=== Exercise ===
The data below should be printed in full, exactly, and without any of its images.

=== Data provided ===
***

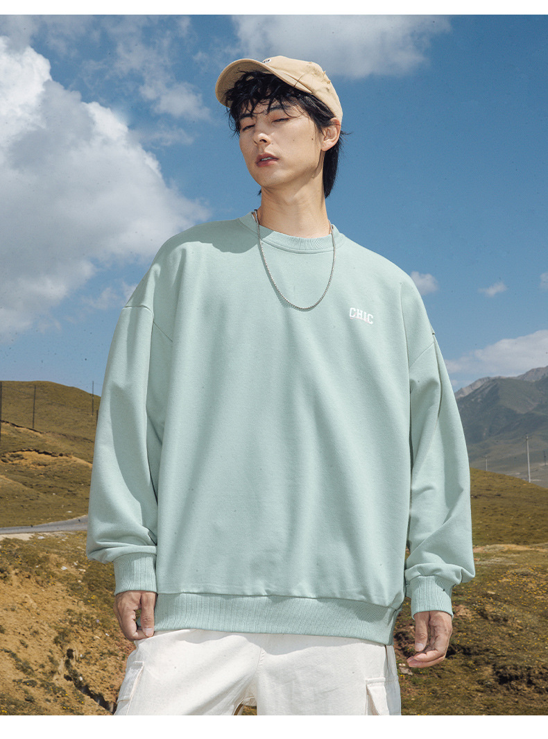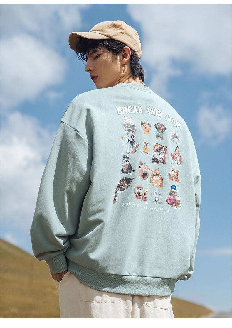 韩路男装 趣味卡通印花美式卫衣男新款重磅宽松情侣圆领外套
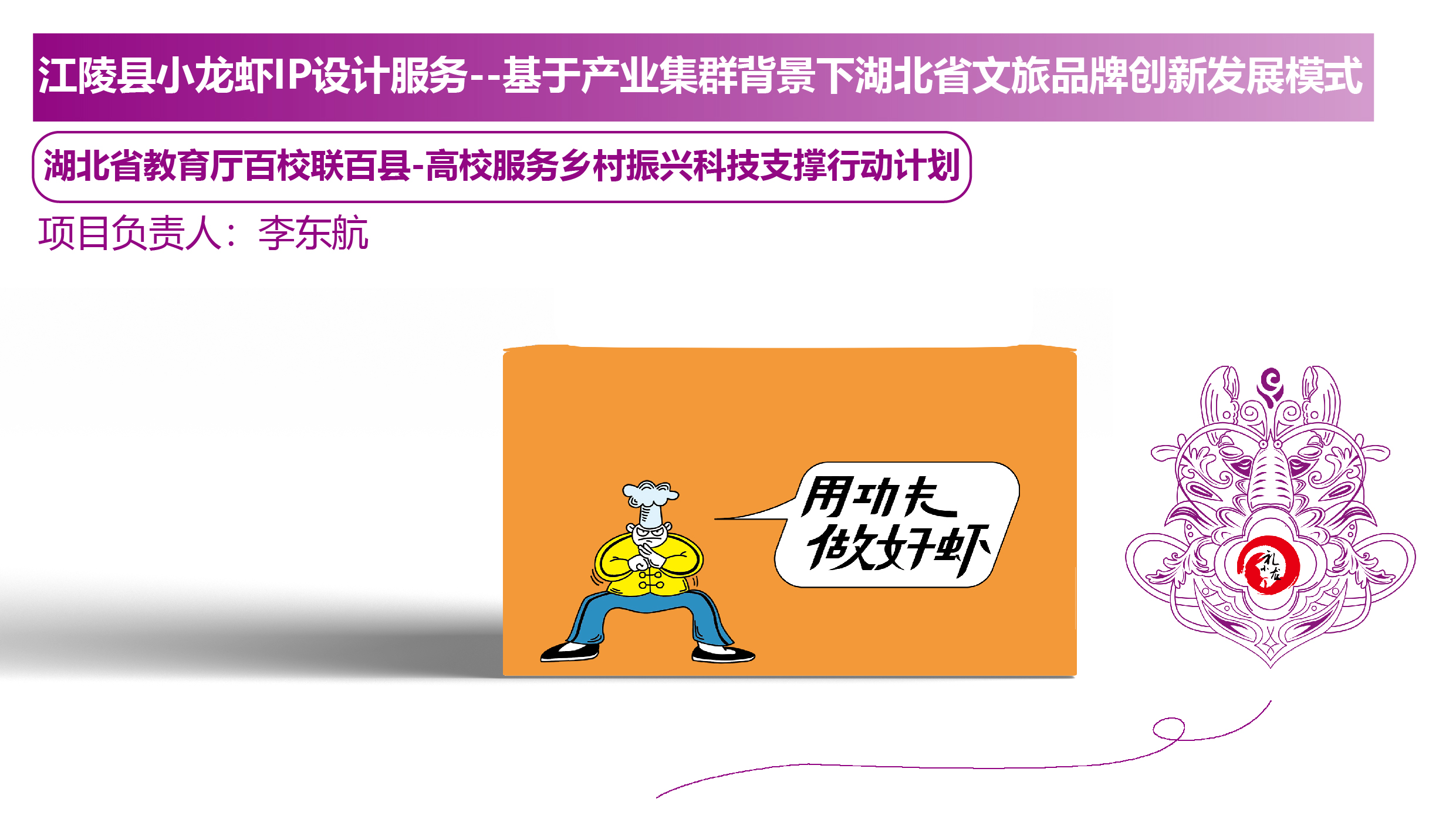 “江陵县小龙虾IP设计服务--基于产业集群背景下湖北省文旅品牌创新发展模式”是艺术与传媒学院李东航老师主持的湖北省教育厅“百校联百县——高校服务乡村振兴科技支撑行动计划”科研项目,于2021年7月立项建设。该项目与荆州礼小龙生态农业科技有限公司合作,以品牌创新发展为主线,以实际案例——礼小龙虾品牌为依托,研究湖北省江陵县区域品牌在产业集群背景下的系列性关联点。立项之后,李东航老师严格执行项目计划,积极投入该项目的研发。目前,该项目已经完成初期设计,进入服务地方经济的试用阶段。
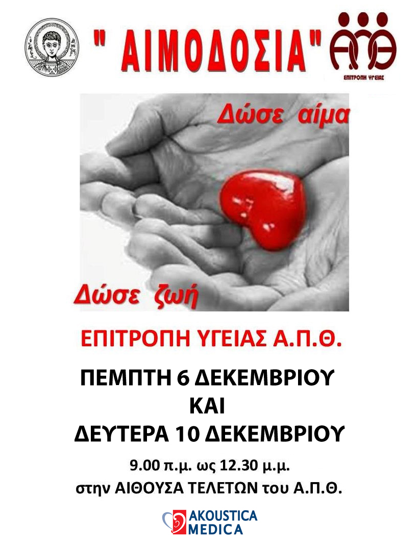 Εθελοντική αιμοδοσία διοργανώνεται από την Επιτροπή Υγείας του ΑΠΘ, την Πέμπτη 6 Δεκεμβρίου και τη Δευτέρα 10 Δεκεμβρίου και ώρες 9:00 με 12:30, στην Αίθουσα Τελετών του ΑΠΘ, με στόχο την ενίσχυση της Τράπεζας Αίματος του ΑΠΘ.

***

=== Response below ===
 韩路男装 趣味卡通印花美式卫衣男新款重磅宽松情侣圆领外套
 “江陵县小龙虾IP设计服务--基于产业集群背景下湖北省文旅品牌创新发展模式”是艺术与传媒学院李东航老师主持的湖北省教育厅“百校联百县——高校服务乡村振兴科技支撑行动计划”科研项目,于2021年7月立项建设。该项目与荆州礼小龙生态农业科技有限公司合作,以品牌创新发展为主线,以实际案例——礼小龙虾品牌为依托,研究湖北省江陵县区域品牌在产业集群背景下的系列性关联点。立项之后,李东航老师严格执行项目计划,积极投入该项目的研发。目前,该项目已经完成初期设计,进入服务地方经济的试用阶段。
 Εθελοντική αιμοδοσία διοργανώνεται από την Επιτροπή Υγείας του ΑΠΘ, την Πέμπτη 6 Δεκεμβρίου και τη Δευτέρα 10 Δεκεμβρίου και ώρες 9:00 με 12:30, στην Αίθουσα Τελετών του ΑΠΘ, με στόχο την ενίσχυση της Τράπεζας Αίματος του ΑΠΘ.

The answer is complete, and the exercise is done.